I had received maximum SLT several years ago. In late 2017, my IOP was unacceptably high, yet I was still not scheduled for surgical intervention of any kind. I was put on a new combination eye drop, one of the components being a medication that I had previously been unable to tolerate – this episode was the subject of a previous Patient Opinion as I was subject to a long period without a prescription for eye drops. As a result of being unable to tolerate the combination drops – despite having been advised for years that daily use of eye drops was vital – it seemed a contradiction that it was OK to let me go months without an appointment for a treatment to replace the one that could not be tolerated.

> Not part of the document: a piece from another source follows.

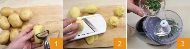 Para preparar las torres de patatas asadas, lava y pela cuidadosamente las patatas 1, luego córtalas en rodajas bastante finas (aproximadamente 3 mm) utilizando una mandolina 2 (si no tienes una, puedes realizar la misma operación con un cuchillo). Asegúrate de cortar las patatas manteniéndolas rectas, para obtener rodajas lo más redondas y regulares posible. Pica el romero finamente con un mixer 3 y comienza a componer las torres:
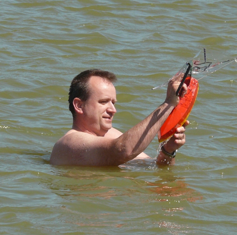 Podczas treningu przedstartowego najmłodszym zawodnikom dwa modele poszły pod wodę, ale dzięki poświęceniu instruktora sprawnie wydobyto je z wody 😉

At my next appointment in early 2018, it was only then that the SEH decided to take action in the form of surgery. The specialist spent time advising me of the risks of a trabeculectomy, and then gave me the paperwork to have it scheduled. When I went home and began researching this surgery, I considered that the risks were unacceptable. Now, it seems that I am being punished and denied the state-of-the-art iStent or the XEN stent, which has results that are close to those of the trabeculectomy, but with a fraction of the risks - and no explanation as to why others are considered worthy of this surgery, but I am not. .

I informed the specialist that I was planning to travel overseas this year and would be gone for a considerable time. She asked if I had made the booking, and I responded that I had not. I deliberately did not make a booking because I was sure that SEH would schedule me for MIGS, and this was more important than my booking. My daughter is expecting her first child later this year and I had hoped to be there and remain after, and would not be able to readily obtain ophthalmology care. The treating specialist advised that since I had a narrow angle it could be a little difficult, and it would make the MIGS surgery easier if I were to have cataract surgery at the same time. However, she decided that my cataracts (I feel possibly caused by over 13 years of toxic preservative in my eye drops) were not severe enough at this time to justify putting me on the waiting list. So, the next time I can even be considered for this sight-saving surgery will be at my appointment in December 2019 - at which time, I would join a waiting list for cataract surgery that is approximately 1 year long, before being able to have the sight-saving MIGS iStent or XEN stent. This indifference to the loss of sight by waiting for years - at least 12-13 years from when the US specialist thought this should be done, and at least 3 years from the time that the SEH specialist thought things were so serious that I needed the very drastic trabeculectomy.

If the trabeculectomy was justified (which in my opinion, of course it was), in early 2018, then how can postponing MIGS surgery another 3 years be justified on clinical grounds? Because there’s a narrow angle? That could be helped by cataract surgery? I am quite depressed and distraught at the delay in my treatment and it seems as if it could be a punitive response to refusing the trabeculectomy. They are happy for me to go privately to get this done, even though that would present a severe financial hardship. Although this could be a valuable teaching experience for registrars, given the narrow angle, there is seemingly an indifference to the progressive loss of my vision – a progression that is to be expected, but which is also expected to be slowed by MIGS (as my US specialist recommended in 2008, prior to my return home to Australia).

I would like to know why other people who appear to me to have less pressing need for the MIGS surgery have already received this, and yet I feel I am being shunted off for yet another year, before even going on the waiting list.